JAK-STAT Pathway in Normal Hematopoiesis and Hematologic Malignancies

JAK-STAT in Early Hematopoiesis

The JAK-STAT is amongst the most conserved signaling pathways allowing communication between the extracellular environment and the nucleus. It can be activated by a plethora of cytokines, growth factors and hormones and regulates proliferation, differentiation, migration and cell survival depending on the cellular context and the environmental stimuli (Harrison, 2012). JAK-STAT is important in developmental and homeostatic processes including, stem cell maintenance, hematopoiesis and immune cell development. The JAK family of kinases includes JAK1, -2, -3, and TYK2 (Firmbach-Kraft et al., 1990; Krolewski et al., 1990; Wilks et al., 1991; Takahashi and Shirasawa, 1994). STAT protein family in mammals includes STAT1, -2, -3, -4, -5a, -5b, -6, which contain a conserved structure (Ihle, 1996, 2001; Darnell, 1997). Ligand binding to the receptor allows JAK phosphorylation and activation that leads to phosphorylation of the receptor, acting as a docking site for the STATs that are subsequently phosphorylated by JAKs. This leads to the formation of STAT homodimers or/and heterodimers that translocate to the nucleus and bind to DNA to regulate transcription.

JAK2 activation, by several hematopoietic and other cytokines, leads to phosphorylation of STATs (Bousoik and Montazeri Aliabadi, 2018), including STAT5 that regulates HSCs proliferation, survival and self-renewal (Wang and Bunting, 2013). JAK1 and JAK2 are essential for HSC homeostasis. Conditional Jak1 deletion in HSCs in vivo reduced their self-renewal capacity and modified lympho-myeloid differentiation (Kleppe et al., 2017), whereas Jak2 knock-out is embryonic lethal due to ineffective erythropoiesis (Neubauer et al., 1998; Parganas et al., 1998). Conditional Jak2 knock-out leads to BM failure, increased apoptosis and loss of quiescence in HSC-enriched LinSca-1+c-Kit+ cells, confirming its critical role for HSCs maintenance and function (Akada et al., 2014). JAK3 has been found essential for innate lymphoid cell development (Robinette et al., 2018) and TYK2 for B-lymphoid tumors regulation (Stoiber et al., 2004).

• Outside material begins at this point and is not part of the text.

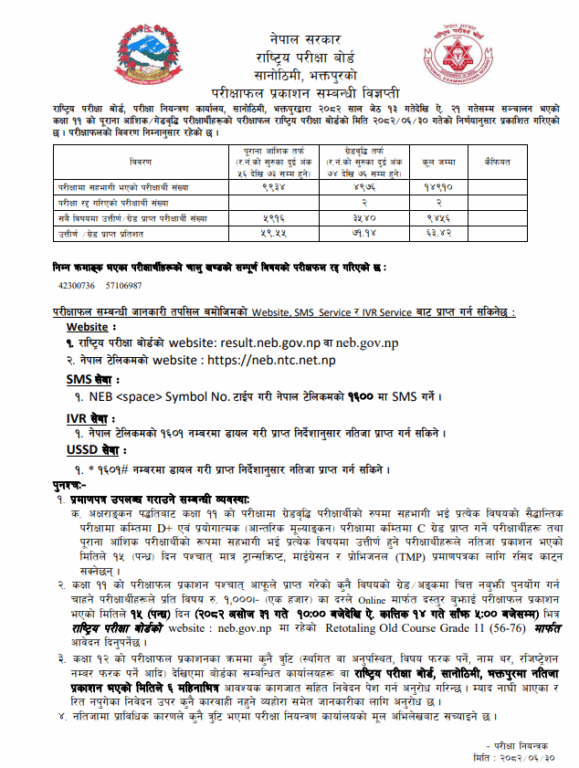 नतिजा राष्ट्रिय परीक्षा बोर्डको वेबसाइट वा नेपाल टेलिकमको १६०१ नम्बरमा डायल गरी प्राप्त निर्देशन अनुसार नतिजा प्राप्त गर्न सकिने छ ।

STAT1 plays an important role in megakaryopoiesis (Huang et al., 2007). Activated STAT3 has promoted HSC self-renewal, under stimulated but not homeostatic states, rendering STAT3 significant for hematopoietic regeneration (Chung et al., 2006). STAT3 phosphorylation is required for the IFN-β induced apoptosis in primary pro-B cells (Gamero et al., 2006). Selective activation of STAT5 confirmed its role in the self-renewal of normal and leukemic stem cells (Kato et al., 2005). STAT5, through survival effects on HSCs, supports the hematopoietic reserve and promotes multilineage hematolymphoid development. STAT5A/5B-deficient mice show an impaired hematopoietic potential in diverse blood lineages (Snow et al., 2002). Induction of high STAT5A activity levels impaired myelopoiesis and induced erythropoiesis in CD34+ cells, while intermediate levels resulted in maximum proliferation (Wierenga et al., 2008). Distinct cytokine responses in STAT5 phosphorylation at the single-cell level of leukemic and normal progenitors exist (Han et al., 2009). STAT5A and STAT5B possess distinct cell-growth-promoting properties that differentially affect the biological activity of HSPCs. STAT5A phosphorylation at Ser779/780 (mouse/human) controls proliferation and transformation/expansion of HSPCs with higher potency than STAT5B (Ghanem et al., 2017). Other STATs are also involved in normal and leukemic hematopoiesis. For instance, CD38 expression in the BM microenvironment of multiple myeloma cells is regulated by both STAT1 and STAT3 (Ogiya et al., 2020).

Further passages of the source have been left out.